── RECORDS TO USE

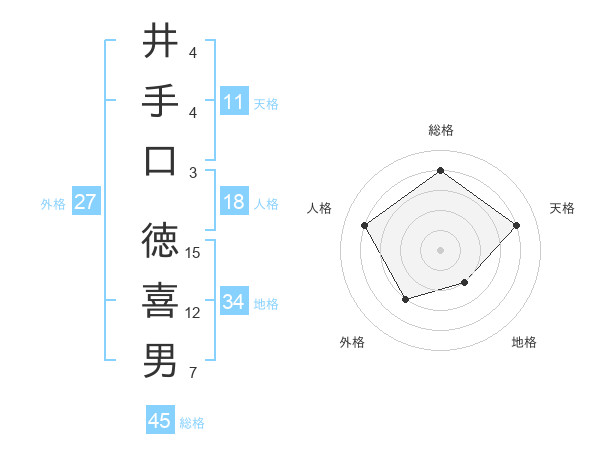 井手口 徳喜男さんを姓名の画数から五運を鑑定
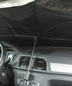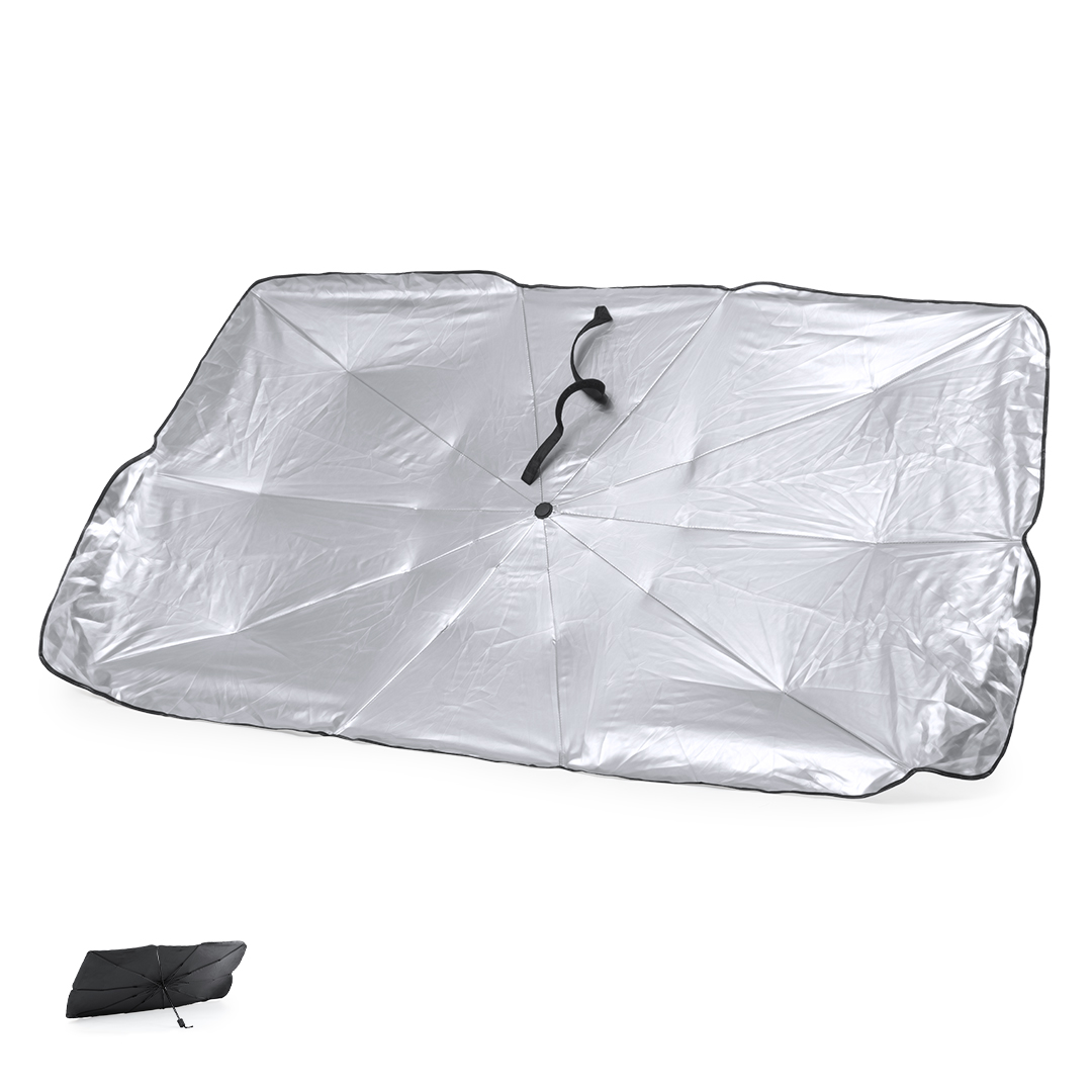 Faltbare Auto-Sonnenschutz. Größe 140x78cm. Mit manuellem Öffnungsmechanismus und Polyesterhülle im Lieferumfang.
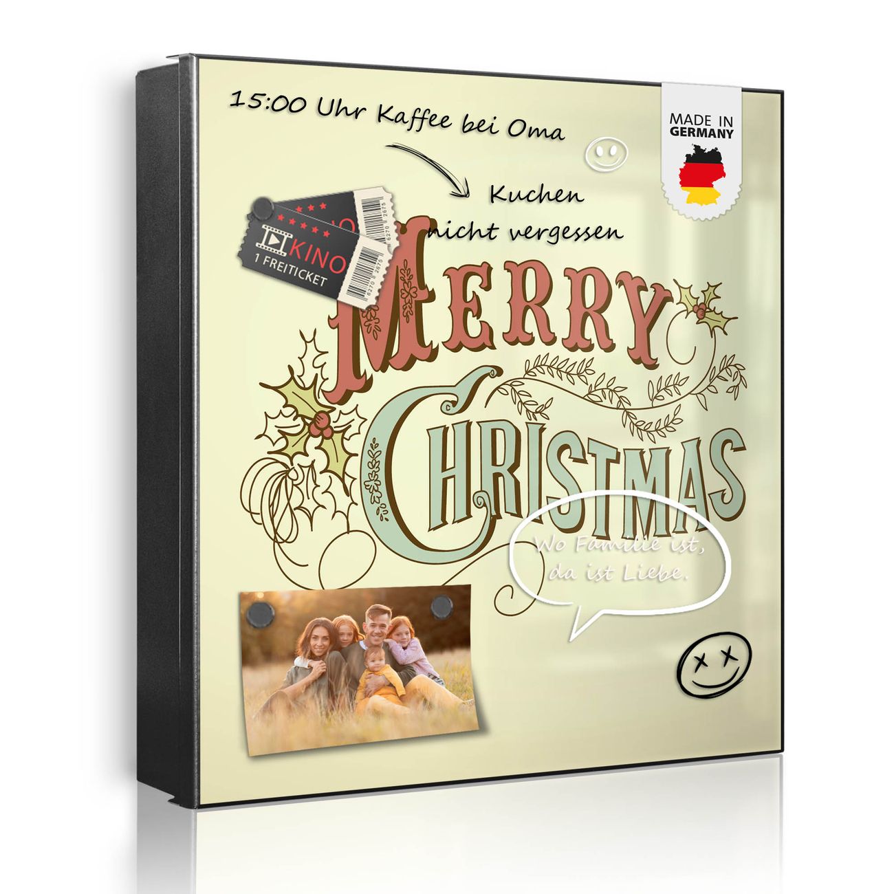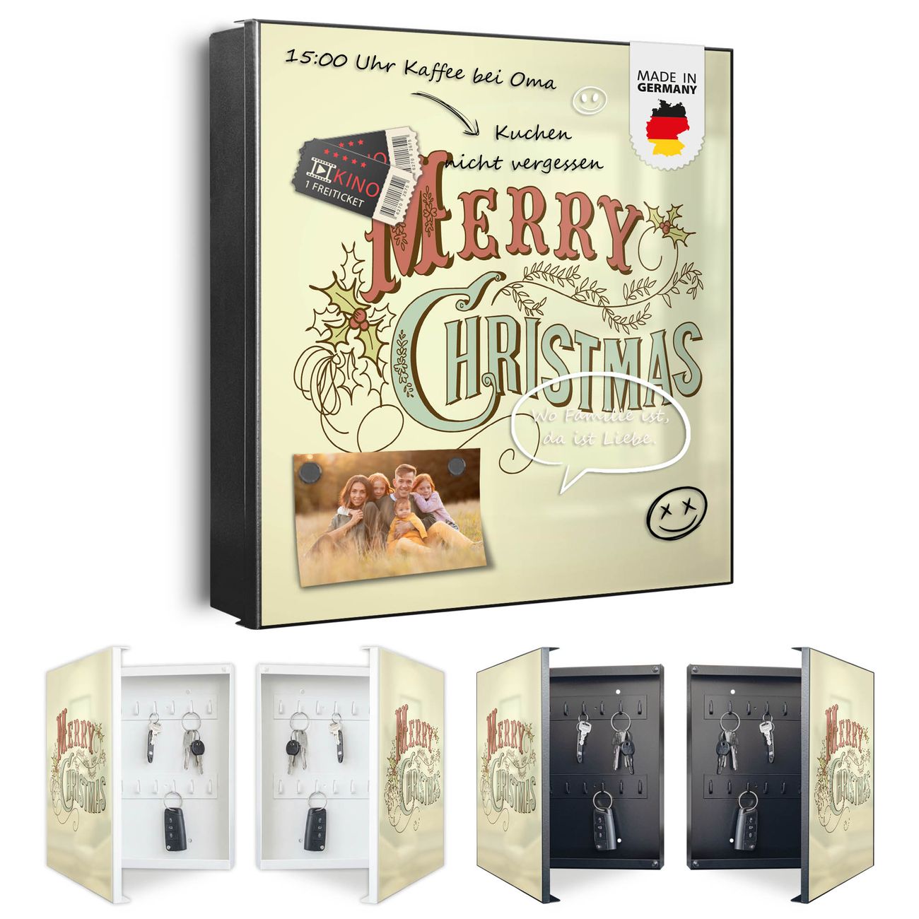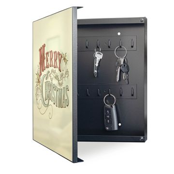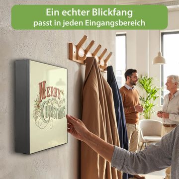 Bringe Ordnung und Eleganz in deinen Eingangsbereich mit dem banjado Schlüsselkasten Motiv Motiv Frohes Fest. Die moderne Schlüsselbox kombiniert funktionales Design mit hochwertiger Verarbeitung und wird so zu einem echten Hingucker in Flur, Büro oder Ferienwohnung. ✅ Stilvolle Schlüsselaufbewahrung mit Motiv Motiv Frohes Fest Der Design-Schlüsselkasten Motiv Motiv Frohes Fest bietet Platz für bis zu 32 Schlüssel, die auf 4 stabilen Reihen mit je 8 Haken übersichtlich verstaut werden. Mit seinen kompakten Maßen von 30 x 30 x 5 cm passt die Schlüsselbox perfekt auch in kleinere Räume. Der schwarz lackierte Stahlkorpus mit links angeschlagenem Türscharnier harmoniert mit gedruckten Folie auf der Front und fügt sich nahtlos in jedes Wohnambiente ein. Ob als Schlüsselorganizer für Zuhause oder als praktische Lösung für Büros, Praxen und Gewerbe, der banjado Schlüsselkasten sorgt für Ordnung und Übersicht. Dank der magnetischen, mit Kreidestiften beschreibbaren Folie auf der Front kannst du Notizen anheften oder Termine direkt auf der Oberfläche festhalten. Die Schlüsselbox Motiv Motiv Frohes Fest zur Wandmontage wird inklusive Befestigungsmaterial geliefert und ist schnell angebracht. So hast du deine Schlüssel jederzeit griffbereit und zugleich stilvoll verstaut. Mit diesem banjado Schlüsselkasten Motiv Motiv Frohes Fest kombinierst du praktische Aufbewahrung mit stilvollem Wohndesign. Ob privat oder geschäftlich, die Schlüsselbox sorgt für mehr Ordnung, Übersicht und ein wohnliches Ambiente.Vorteile im Überblick
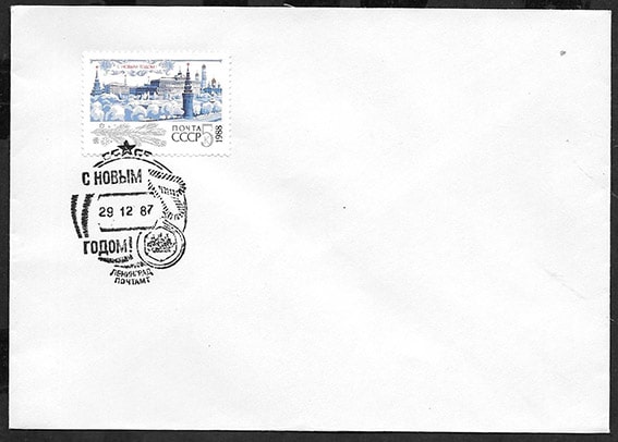 Конверт со спецгашением - С Новым Годом! Ленинград 29.12.1987 год
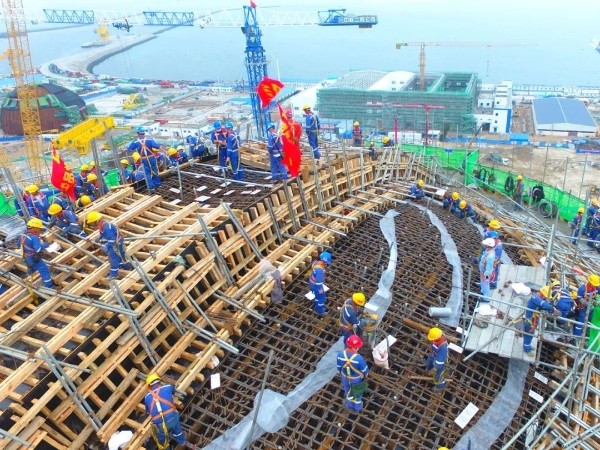 漳州核电1号机组安全壳厂房为双壳结构,主要由筏基、筒体、穹顶三部分组成,其中内层安全壳穹顶为半球形结构,位于筒体+45.130m 以上,混凝土结构形状为半圆球形预应力钢筋混凝土结构,内层为半球形钢衬里壁板,本次浇筑完后顶部标高+70.480m,壁厚1050mm,混凝土总方量约4000方,刷新了漳州核电“新高度”。
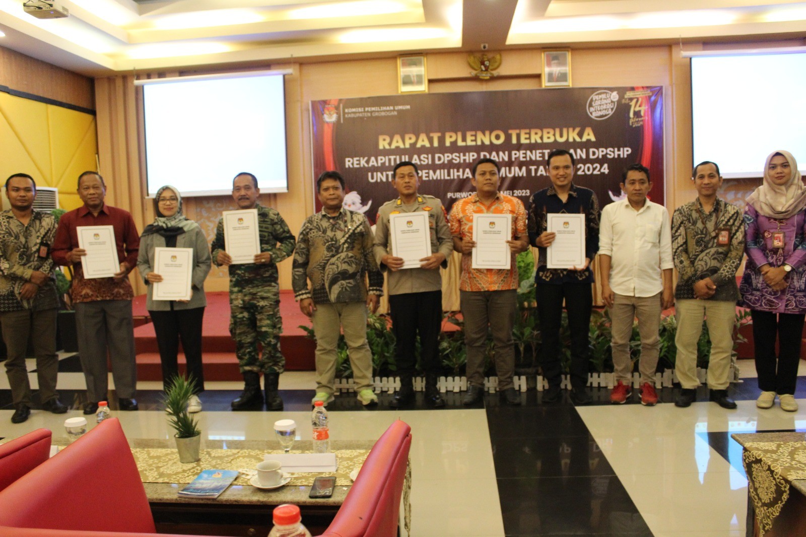 PURWODADI - Malam ini, 12 Mei 2023 tepat pukul 19.30 WIB KPU Kabupaten Grobogan menggelar Rapat Pleno Terbuka Rekapitulasi DPSHP Dan Penetapan DPSHP Untuk Pemilihan Umum Tahun 2024 di Hotel 21 Purwodadi, Jl. MT. Haryono No. 137 Purwodadi. Dihadiri oleh Dinas/Instansi terkait, Partai Politik di tingkat KabupatenGrobogan dan Ketua Serta Anggota PPK Koordinator Pemutakhiran Data se KabupatenGrobogan, acara ini berjalan khidmat.
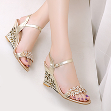 新款韩版夏季真皮坡跟厚底女凉鞋高跟女鞋子羊皮水钻罗马女凉鞋子
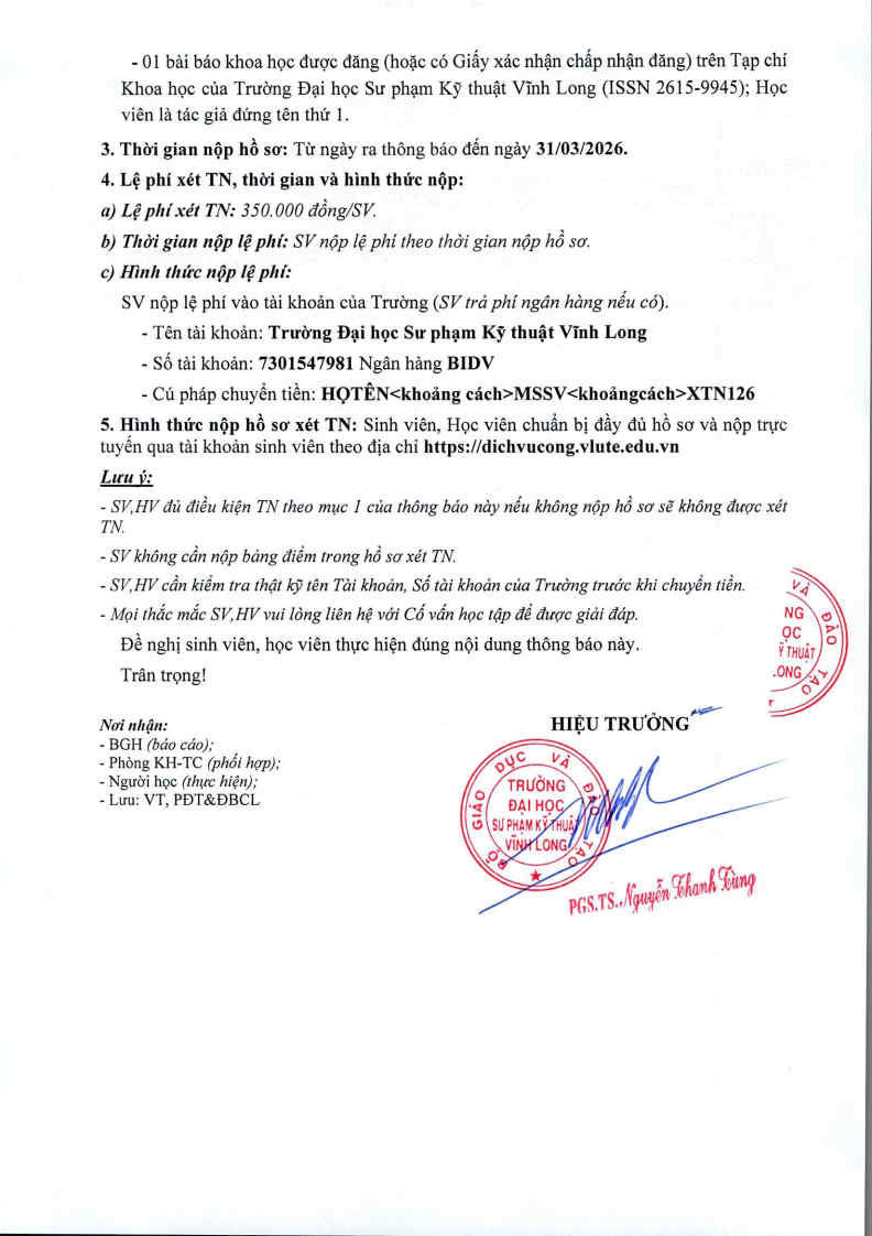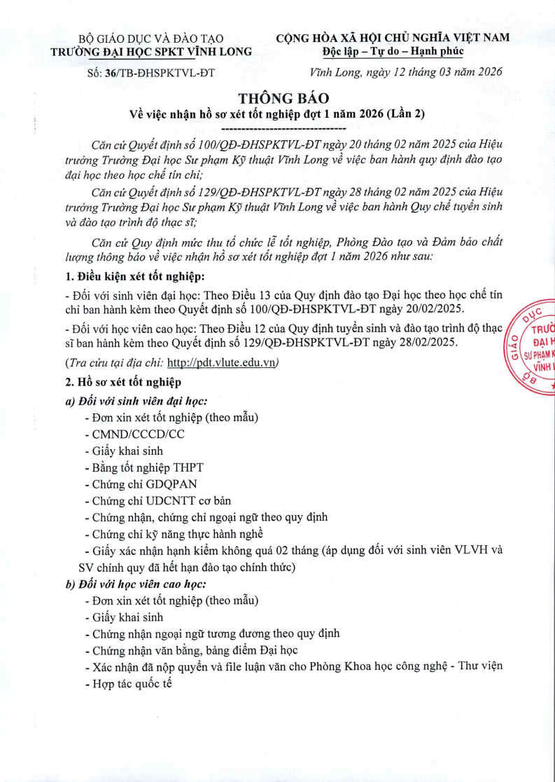 Thông báo về việc nhận hồ sơ xét tốt nghiệp đợt 1 năm 2026 (Lần 2)
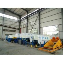该系统主要由:搅拌车加水清洗装置,溜槽输送装置,砂石浆水分离装置,和泥浆水后处理装置组成。混凝土输送设备清洗后,将残余混凝土排入溜槽中,在高压水流冲击下,经溜槽进入砂石分离机,在不断旋转的分离机作用下,对混凝土进行充分的清洗,同时将砂、石进行分离,分离后的砂、石在导料叶片的作用下背向流动,再通过提升式出料口排出分离机,分别堆放。清洗后的浆水从分离机的底部排出进入沉淀池逐级沉淀后循环使用或进入搅拌池回收利用。进入搅拌池(一般情况2个搅拌池)的浆水为了防止沉淀凝固,需通过搅拌器的作用,搅拌器的工作为间歇式。分离出水泥浆在连续的搅拌器作用下,再通过高压污水泵输送到搅拌楼中待生产计量再利用。整个控制系统设有手动和自动控制,方便控制设置,整个系统运行可靠,故障率低,维护量少等特点。
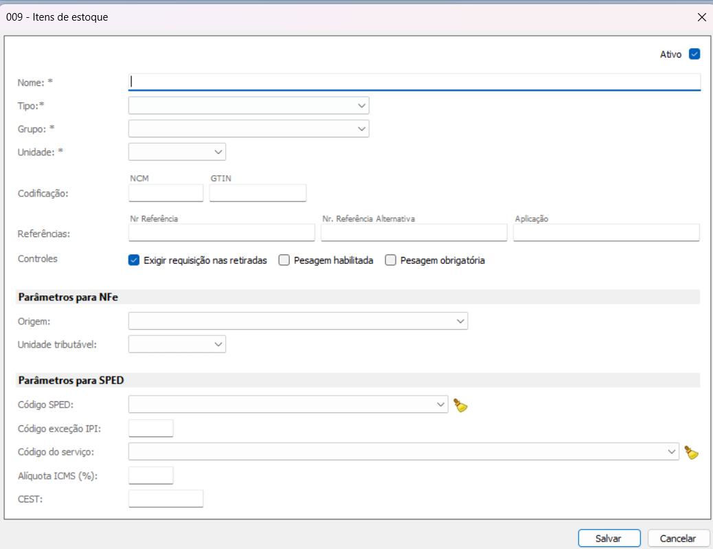 * Exigir requisição nas retiradas: Impõe a necessidade de uma solicitação oficial para retirar o item do estoque.
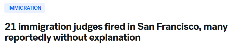 目前,在旧金山湾区,至少有21名移民法官被解雇。多名知情人士透露,许多人在被开除时没有得到任何理由或解释。

────

(EXERCISE DIRECTIONS) Which lines run from the one containing "item do estoque." through the last line of the entries above? Output them exactly, both ends included, with no pictures.

(ANSWER SPACE)
 * Exigir requisição nas retiradas: Impõe a necessidade de uma solicitação oficial para retirar o item do estoque.
 目前,在旧金山湾区,至少有21名移民法官被解雇。多名知情人士透露,许多人在被开除时没有得到任何理由或解释。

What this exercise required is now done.